• Goal of the exercise: Could you transcribe exactly the lines below, from the line with "ご新郎ベアには「無地ブルーリ" through the line with "Los titulares de", and nothing else, leaving out the pictures?

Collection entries
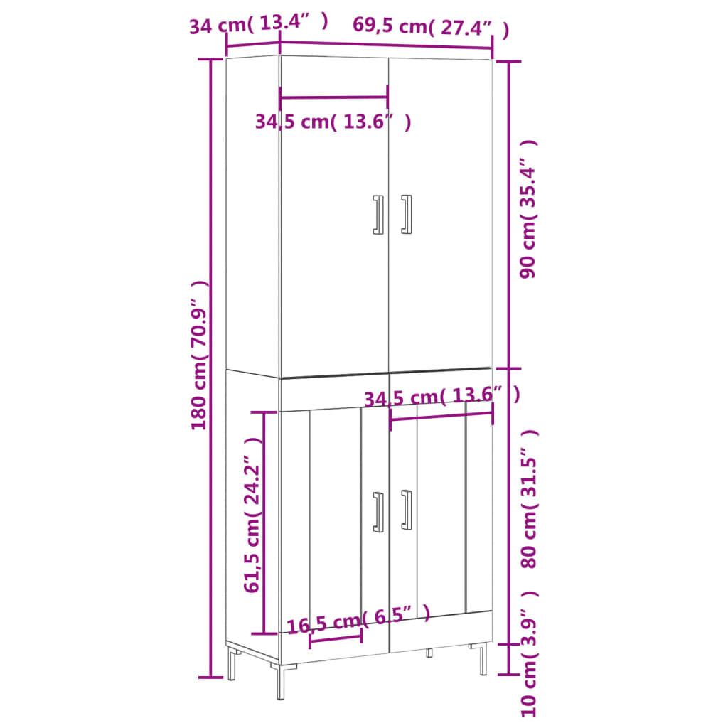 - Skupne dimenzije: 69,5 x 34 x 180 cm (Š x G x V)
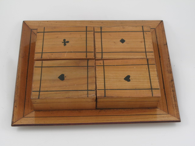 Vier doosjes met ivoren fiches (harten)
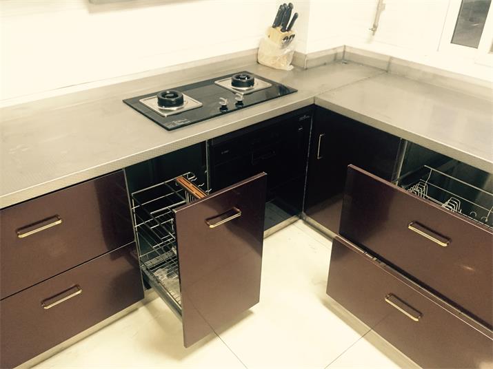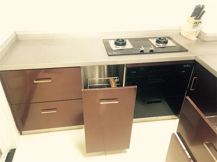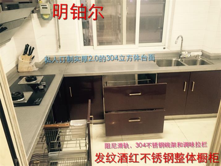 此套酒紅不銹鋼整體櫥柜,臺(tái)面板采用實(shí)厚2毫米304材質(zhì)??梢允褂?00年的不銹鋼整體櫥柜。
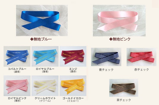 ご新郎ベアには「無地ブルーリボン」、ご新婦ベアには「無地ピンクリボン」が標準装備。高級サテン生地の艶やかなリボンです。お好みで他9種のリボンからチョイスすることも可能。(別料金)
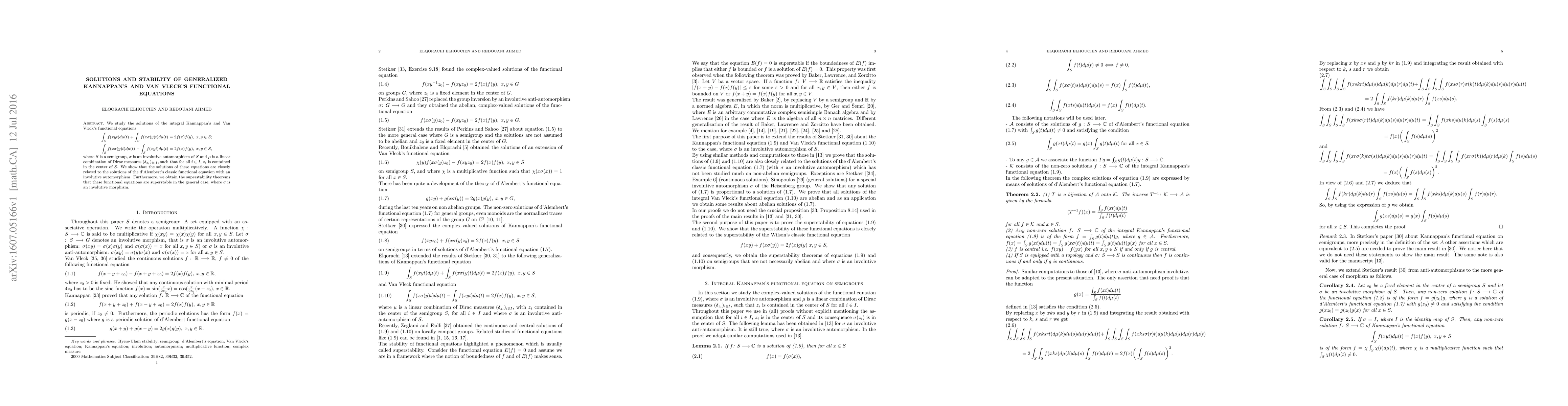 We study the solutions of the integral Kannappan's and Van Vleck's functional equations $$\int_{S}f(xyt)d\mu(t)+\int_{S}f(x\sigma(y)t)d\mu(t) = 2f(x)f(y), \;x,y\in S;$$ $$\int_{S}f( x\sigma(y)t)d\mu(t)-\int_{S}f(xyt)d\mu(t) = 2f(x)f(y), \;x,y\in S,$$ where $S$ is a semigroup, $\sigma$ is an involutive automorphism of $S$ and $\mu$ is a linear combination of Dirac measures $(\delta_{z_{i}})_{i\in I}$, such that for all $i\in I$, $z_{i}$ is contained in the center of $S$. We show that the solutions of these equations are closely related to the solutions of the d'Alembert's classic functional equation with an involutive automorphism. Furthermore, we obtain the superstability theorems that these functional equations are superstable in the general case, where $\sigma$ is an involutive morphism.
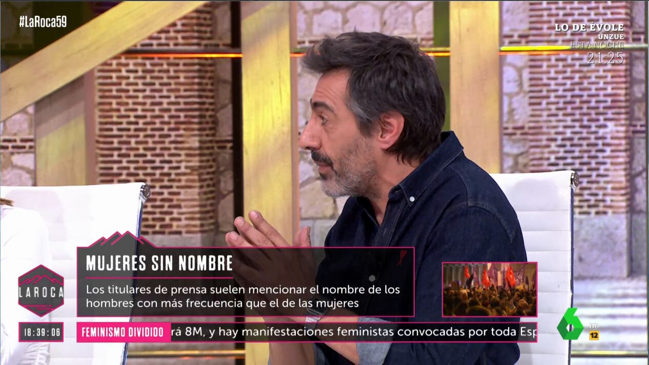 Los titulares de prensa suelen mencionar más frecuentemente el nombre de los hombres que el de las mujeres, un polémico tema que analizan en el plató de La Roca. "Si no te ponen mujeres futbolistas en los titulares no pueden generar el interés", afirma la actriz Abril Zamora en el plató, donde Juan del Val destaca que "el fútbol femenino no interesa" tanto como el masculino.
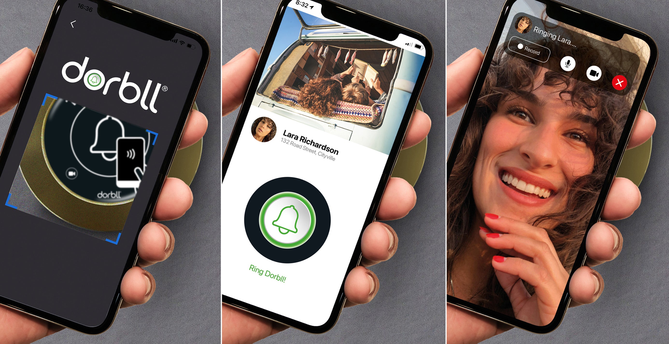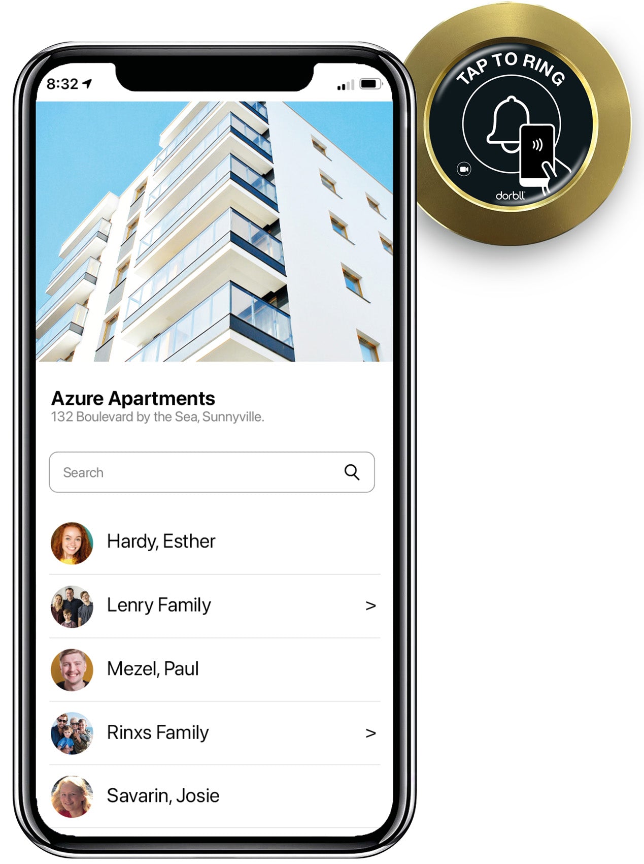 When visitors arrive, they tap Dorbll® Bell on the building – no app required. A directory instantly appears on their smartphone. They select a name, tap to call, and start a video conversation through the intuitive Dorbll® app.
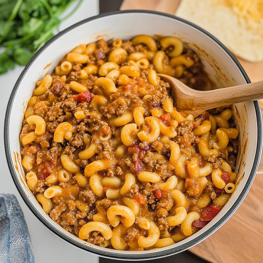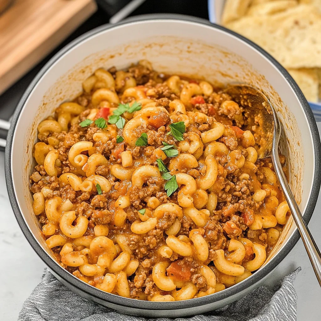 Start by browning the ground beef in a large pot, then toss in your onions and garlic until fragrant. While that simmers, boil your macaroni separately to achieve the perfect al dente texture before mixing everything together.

• Task result:
 ご新郎ベアには「無地ブルーリボン」、ご新婦ベアには「無地ピンクリボン」が標準装備。高級サテン生地の艶やかなリボンです。お好みで他9種のリボンからチョイスすることも可能。(別料金)
 We study the solutions of the integral Kannappan's and Van Vleck's functional equations $$\int_{S}f(xyt)d\mu(t)+\int_{S}f(x\sigma(y)t)d\mu(t) = 2f(x)f(y), \;x,y\in S;$$ $$\int_{S}f( x\sigma(y)t)d\mu(t)-\int_{S}f(xyt)d\mu(t) = 2f(x)f(y), \;x,y\in S,$$ where $S$ is a semigroup, $\sigma$ is an involutive automorphism of $S$ and $\mu$ is a linear combination of Dirac measures $(\delta_{z_{i}})_{i\in I}$, such that for all $i\in I$, $z_{i}$ is contained in the center of $S$. We show that the solutions of these equations are closely related to the solutions of the d'Alembert's classic functional equation with an involutive automorphism. Furthermore, we obtain the superstability theorems that these functional equations are superstable in the general case, where $\sigma$ is an involutive morphism.
 Los titulares de prensa suelen mencionar más frecuentemente el nombre de los hombres que el de las mujeres, un polémico tema que analizan en el plató de La Roca. "Si no te ponen mujeres futbolistas en los titulares no pueden generar el interés", afirma la actriz Abril Zamora en el plató, donde Juan del Val destaca que "el fútbol femenino no interesa" tanto como el masculino.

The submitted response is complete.